Posted on 08/18/2005 7:39:37 AM PDT by PatrickHenry

On August 1, 2005, a group of reporters from Texas met with President Bush in the Roosevelt room for a roundtable interview. The President’s remarks suggest that he believes that both intelligent design and evolution should be taught so that “people are exposed to different schools of thought.” There have been so many articles since his remarks that it’s useful to read the relevant portion of published interview:

“Q: I wanted to ask you about the -- what seems to be a growing debate over evolution versus intelligent design. What are your personal views on that, and do you think both should be taught in public schools?

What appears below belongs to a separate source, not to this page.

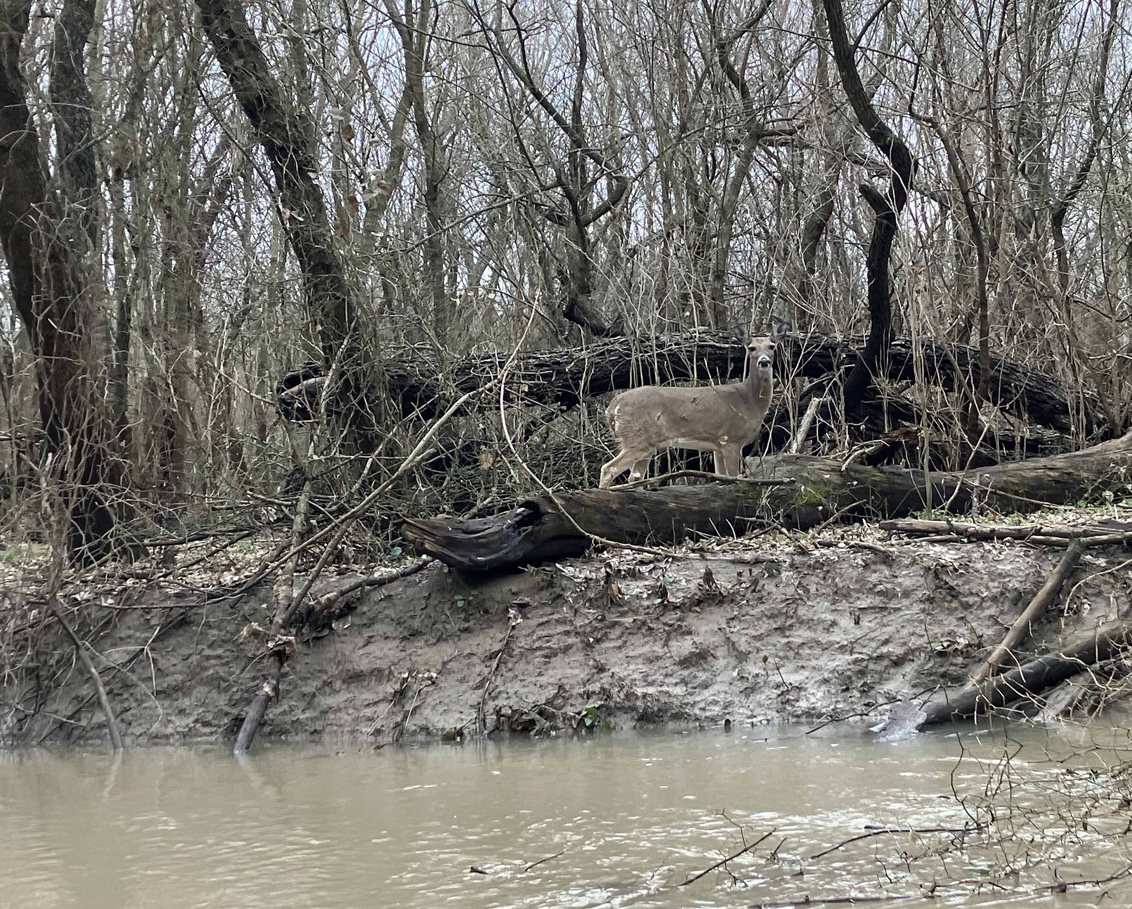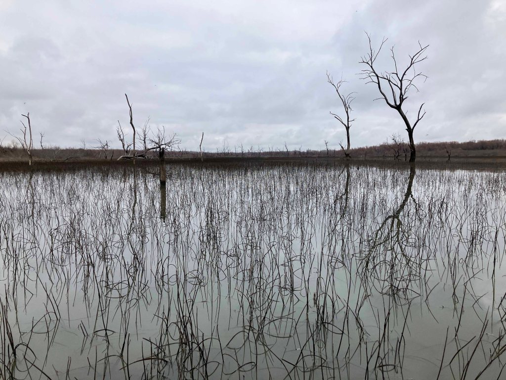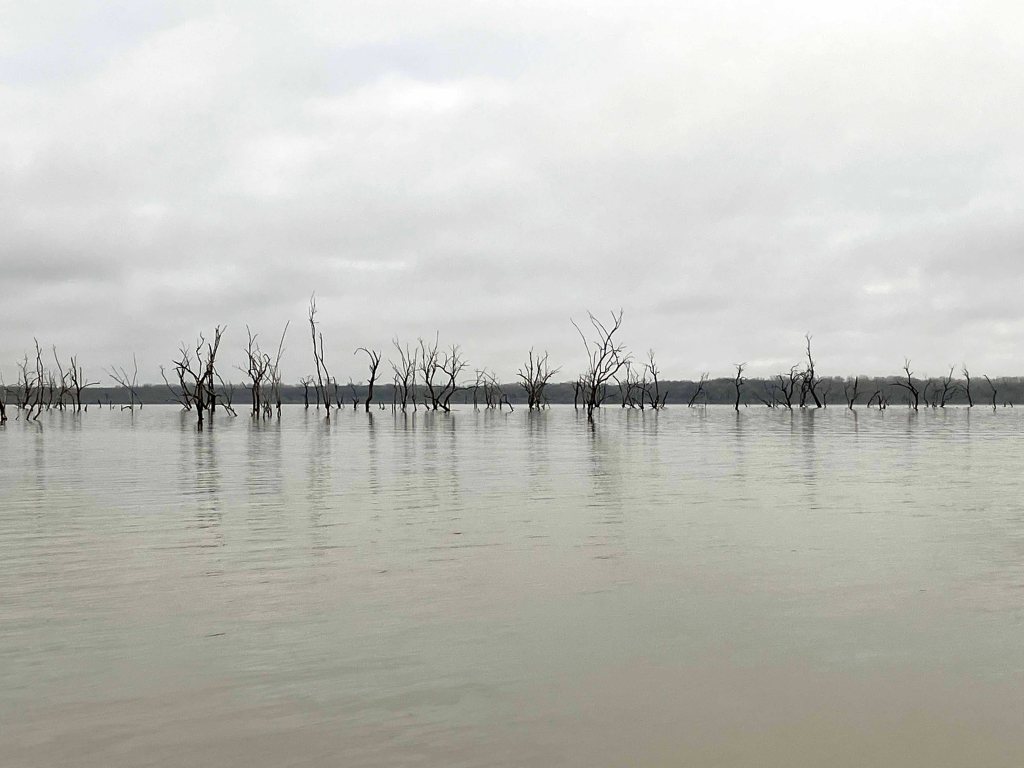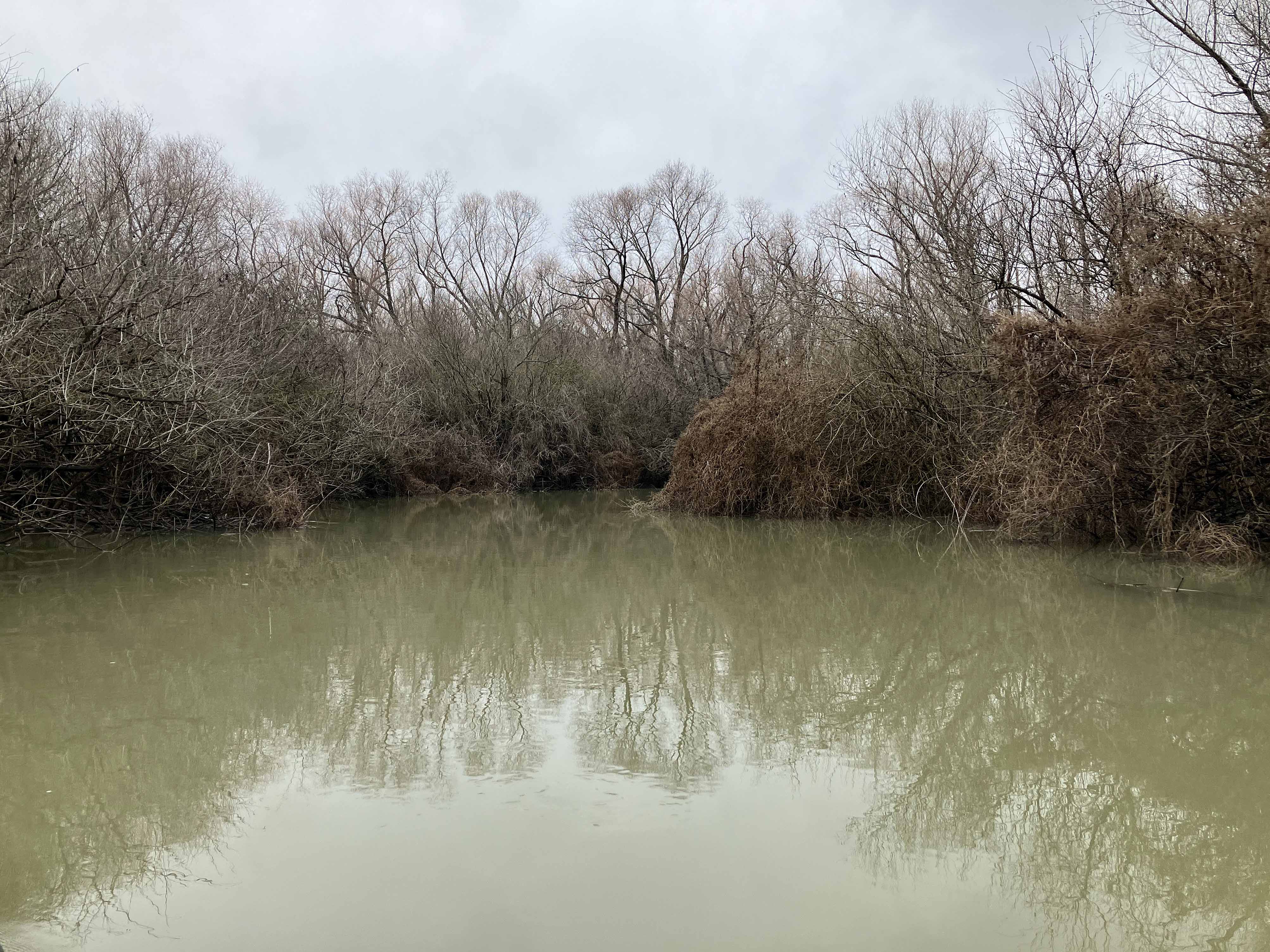 The north end of Lake Lavon is split into a west side and an east side. The launch on the west side is at Highland Park. From here you can access Wilson Creek and the East Fork of the Trinity River. The East Fork runs into Lake Lavon, then into Ray Hubbard, and eventually into the Trinity River well below Dallas. From the Highland Park launch you can go at least partway up Wilson Creek, although there was a beaver dam that I didn’t cross. And you can paddle east to find the mouth of the East Fork where it enters the lake. Once I tried this and I could only get up upstream a short distance before I encountered a huge logjam. Another time I couldn’t find the entrance to the river due to the shallow water and all the brush. For the trip here I managed to find the right channel and made it to the turnaround at FM546/Lowry Crossing. This was a pretty tough paddle with five or six muddy portages up (and back). It took some determination to finish the job. The water was muddy, the banks were muddy, the boat was muddy, and the paddler was muddy. Satisfying on completion though.

THE PRESIDENT: I think -- as I said, harking back to my days as my governor -- both you and Herman are doing a fine job of dragging me back to the past. (Laughter.) Then, I said that, first of all, that decision should be made to local school districts, but I felt like both sides ought to be properly taught.

Q: Both sides should be properly taught?

THE PRESIDENT: Yes, people -- so people can understand what the debate is about.

Q: So the answer accepts the validity of intelligent design as an alternative to evolution?

THE PRESIDENT: I think that part of education is to expose people to different schools of thought, and I'm not suggesting -- you're asking me whether or not people ought to be exposed to different ideas, and the answer is yes.”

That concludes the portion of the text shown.